With the Senate vote in, the 18th Amendment — seeking to strip the presidency of its powers and restore them to Parliament as envisaged in the 1973 Constitution — cleared Parliament on Thursday and now awaits the signature of President Asif Ali Zardari.
Though the differences over renaming the North West Frontier Province (NWFP) as Khyber-Pukhtoonkhwa had raised apprehensions about the passage of the 18th Amendment in the Senate, it was smooth sailing for the Bill when it was put to vote. All 90 members present in the House voted for the motion.

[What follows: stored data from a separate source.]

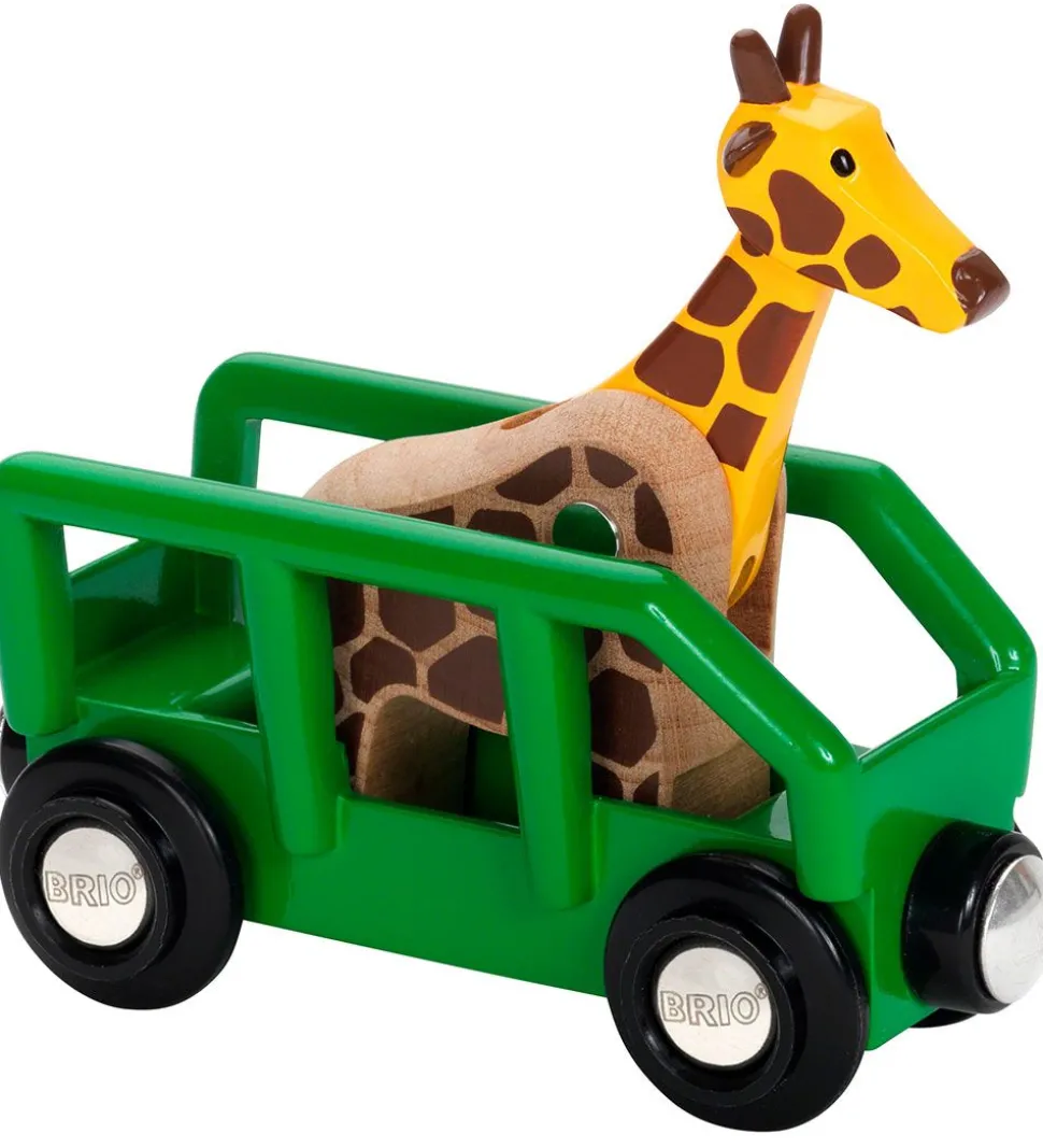 BRIO legetøjet er en sjov tilføjelse til legen med BRIO. Vognen har en magnet både fortil og bagpå, så den kan kobles på andre BRIO tog. Giraffen passer i vognen og kan bevæge halsen op og ned. Sættet lægger op til masser af gode og kreative stunder.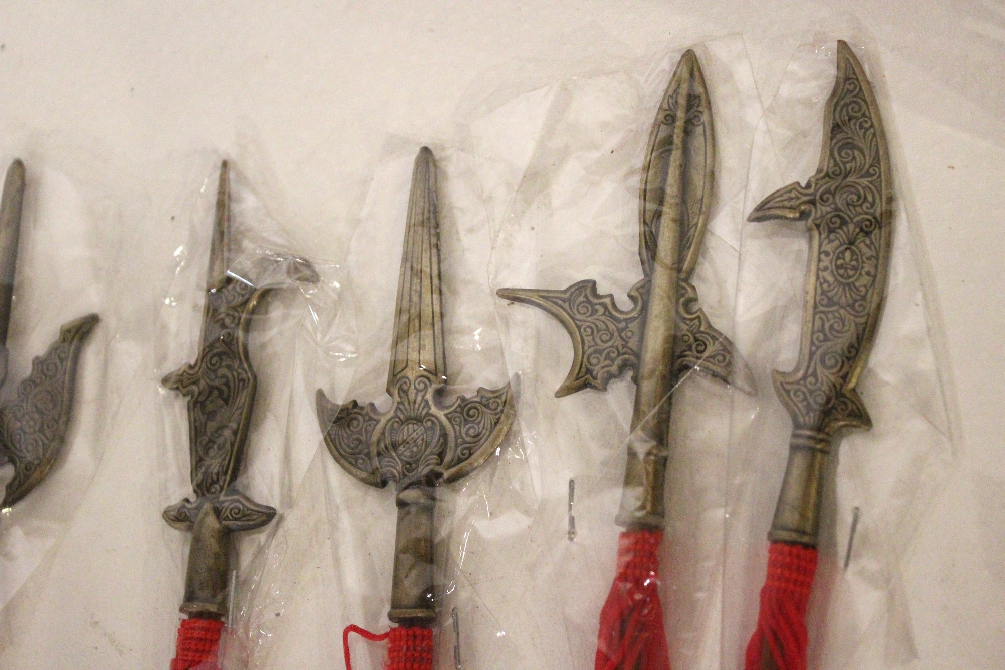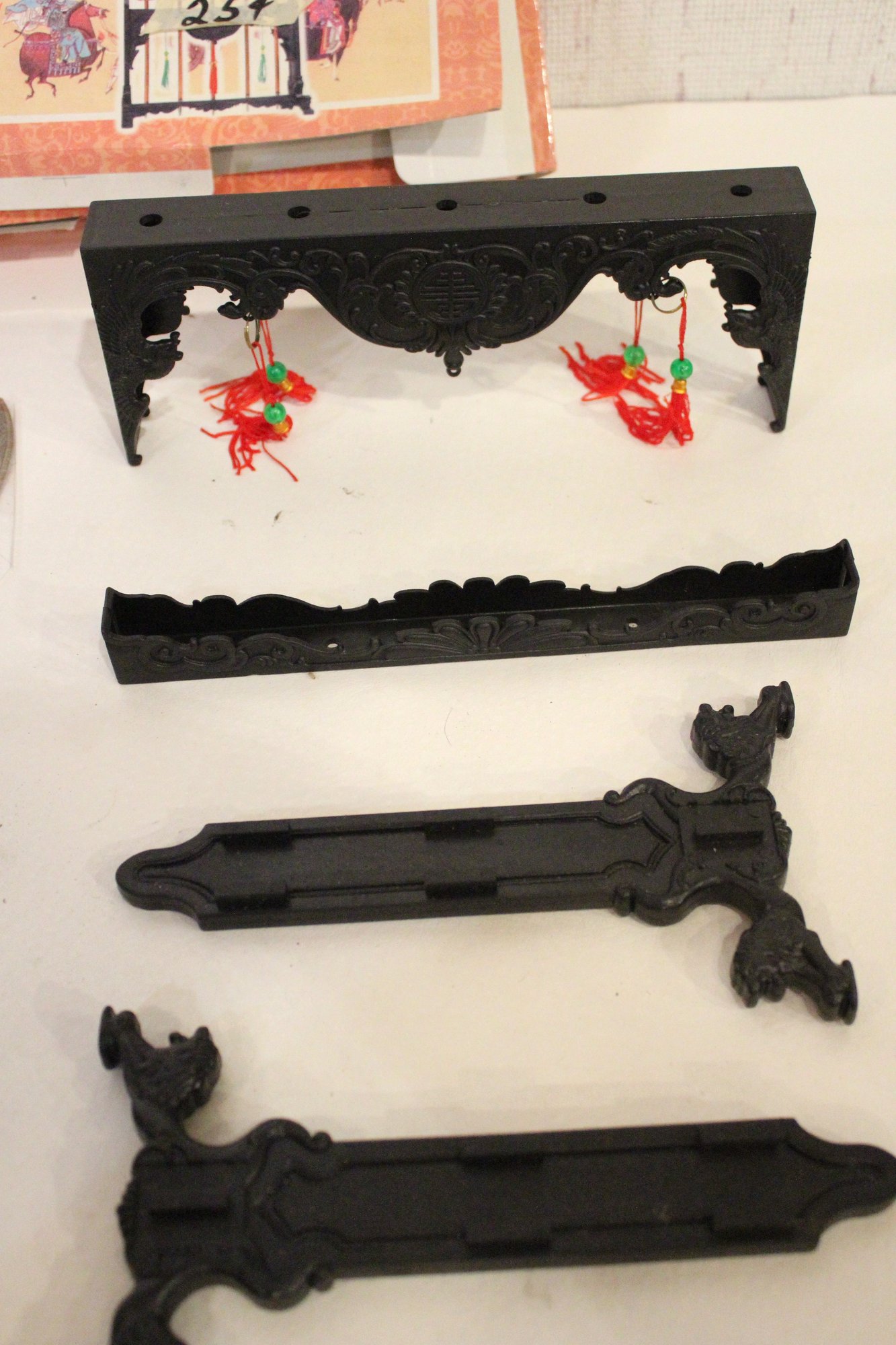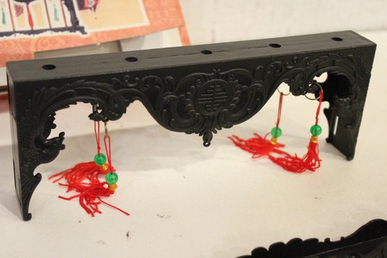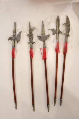 collectible set of miniature Chinese polearms and display stand, 13" x 9". This item can be shipped.
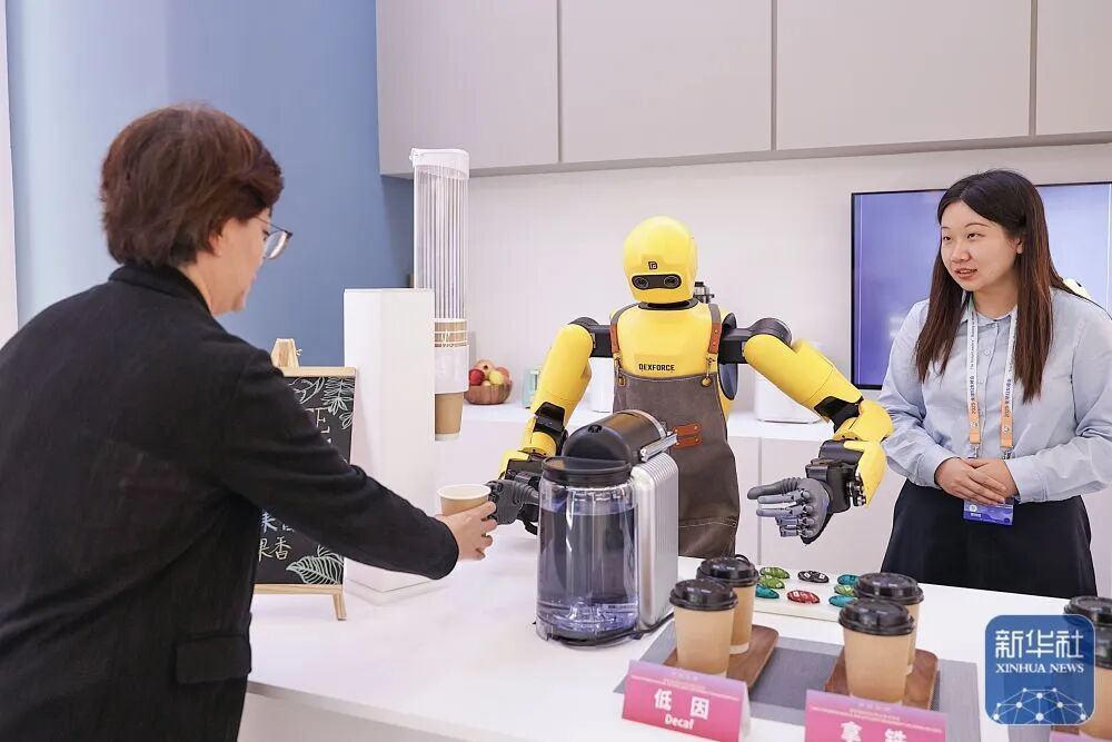 10月14日,参观者在展览上体验机器人制作咖啡。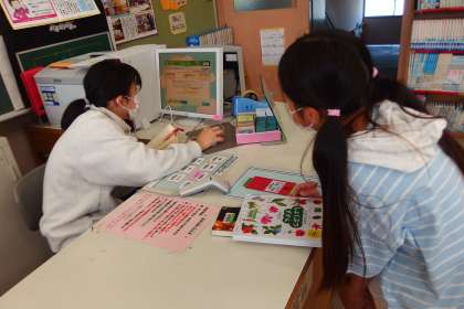 図書システム用のパソコンを操作して、貸し出しや返却の手続きの仕事をする図書委員です。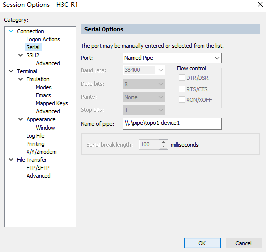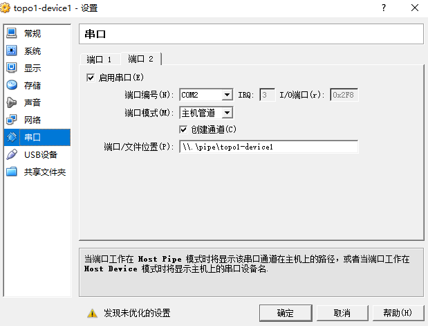 2、设置 – 串口 – 端口2 ,复制端口信息:【\.\pipe\topo1-device1】,以后以此类推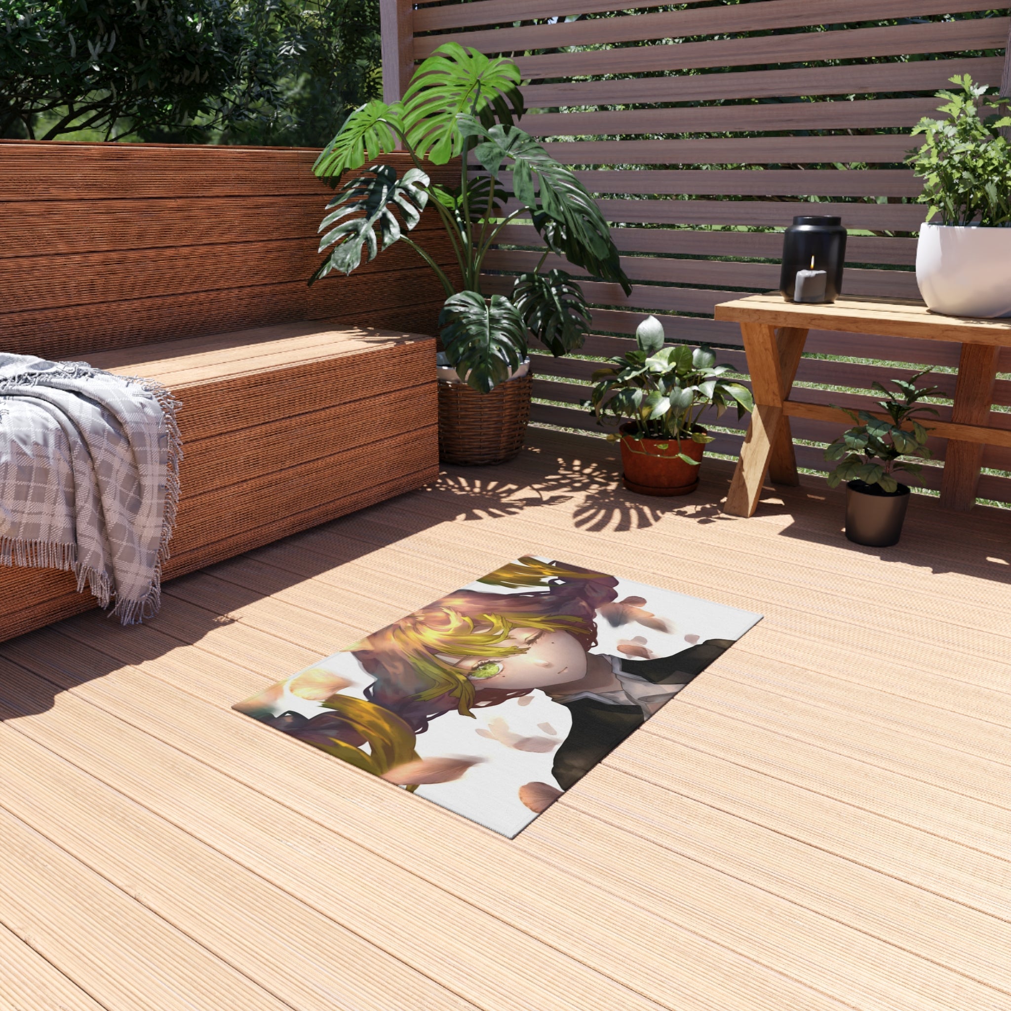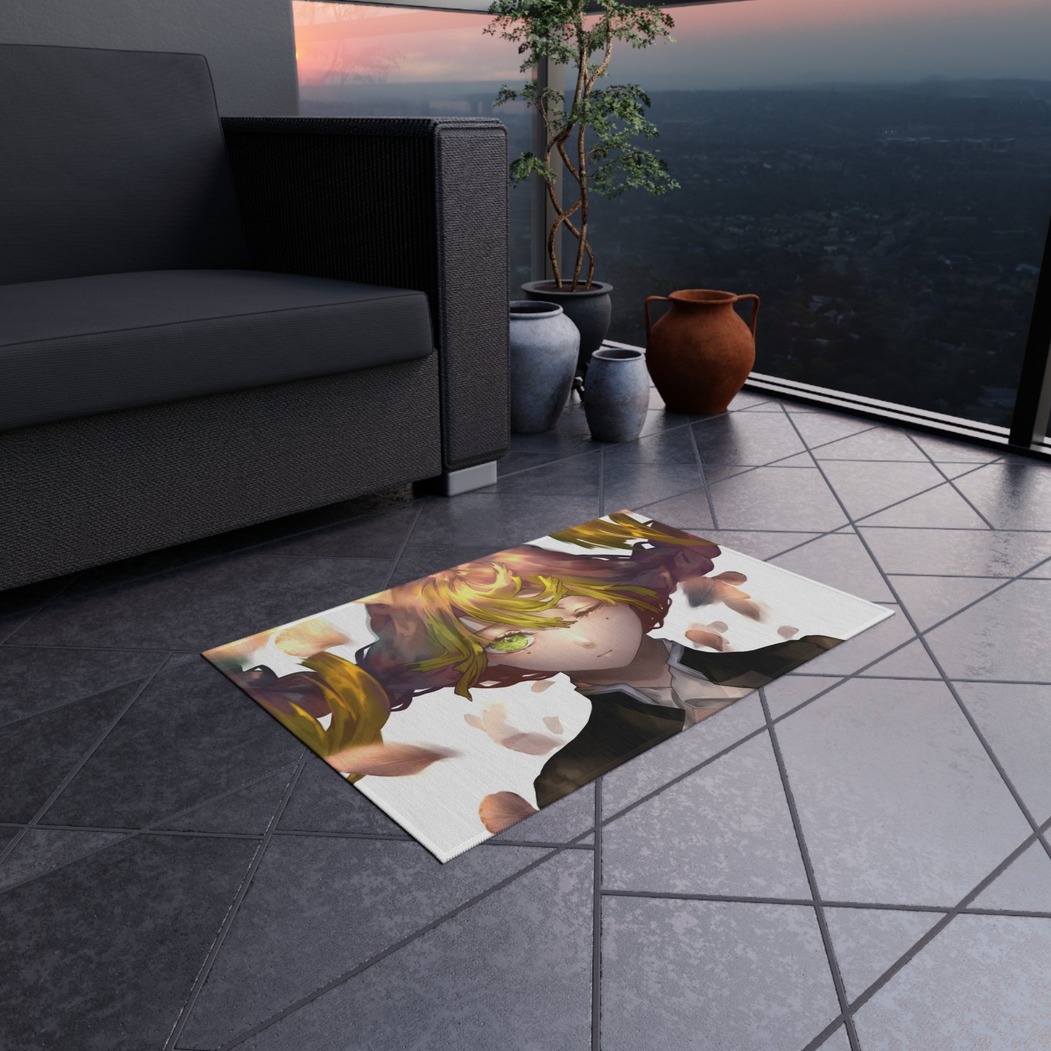 This area rug is crafted with durable construction and hemmed edges, offering lasting quality and style. A coated backing keeps the piece in place, making it the perfect finishing touch for any interior design. Vibrant colors and anime allow you to effortlessly match your existing aesthetic.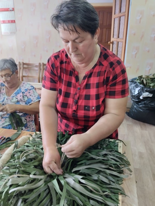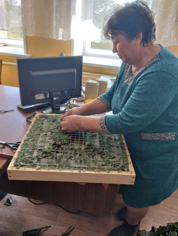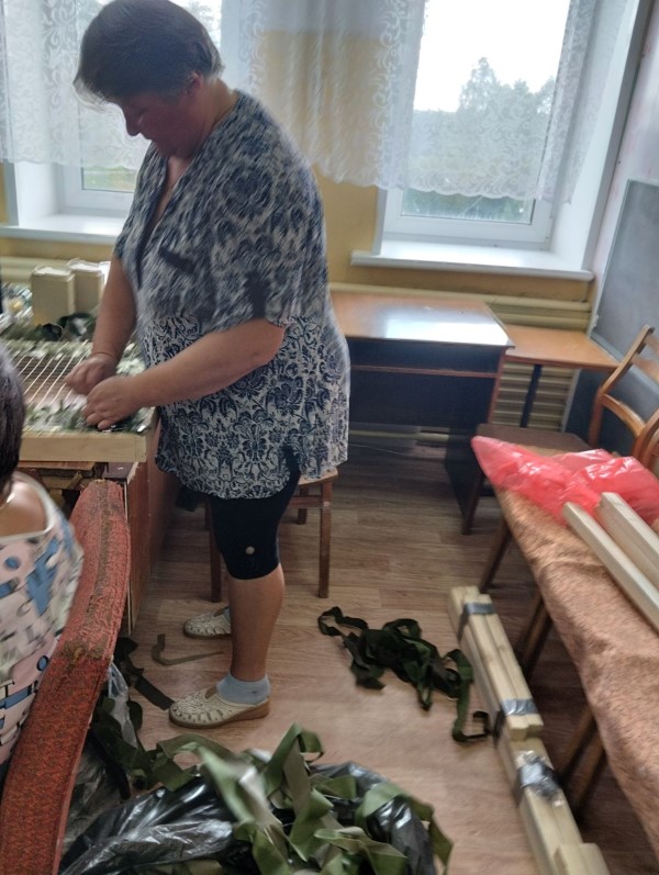 Социальные работники отделения социально-бытового обслуживания на дому с. Кириллово принимают активное участие в плетении маскировочных нашлемников для СВО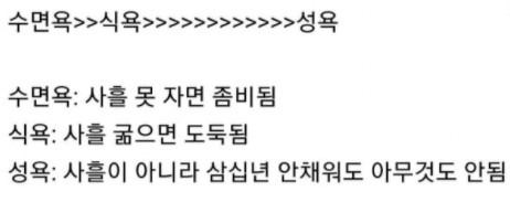 수면욕>식욕>>>>>>>>>>>>성욕48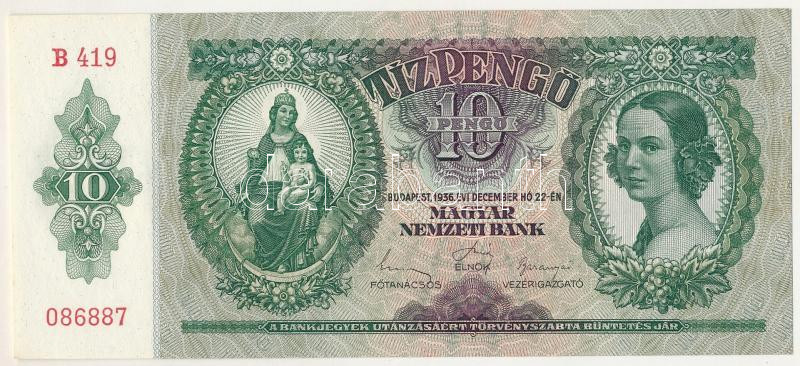 1936. 10P "B 419 086887" T:UNC / Hungary 1936. 10 Pengő "B 419 086887" C:UNC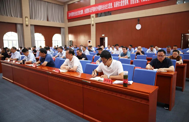 在吐鲁番市2023年上半年经济运行形势分析会上,参会人员正在认真记录。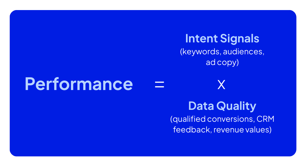 Data quality - conversion signals that tell Google what success looks like, including qualified leads, CRM outcomes, and revenue values.

Earlier, members of the Pakistan Muslim League (Nawaz) and (Quaid-e-Azam) had proposed amendments to the clause relating to rechristening the NWFP, particularly given the apprehensions voiced by the non-Pashtos of Hazara. The debate had spilled onto the streets with protests taking a violent turn earlier this week in Abbottabad in the Hazara region, killing seven persons and leaving over 50 people injured.
Soon after the passage of the Bill — which also provides for greater provincial autonomy besides transparency in appointments — Prime Minister Yusuf Raza Gilani said: “It is time to deliver. Let us ensure that the dividends of the 18th Amendment reach the masses.”
Describing the passage of the Bill as a victory for democracy, the Prime Minister said Parliament would no longer be a “rubber stamp.” “Now we need to ensure optimum distribution of resources and the provinces will have to do more.”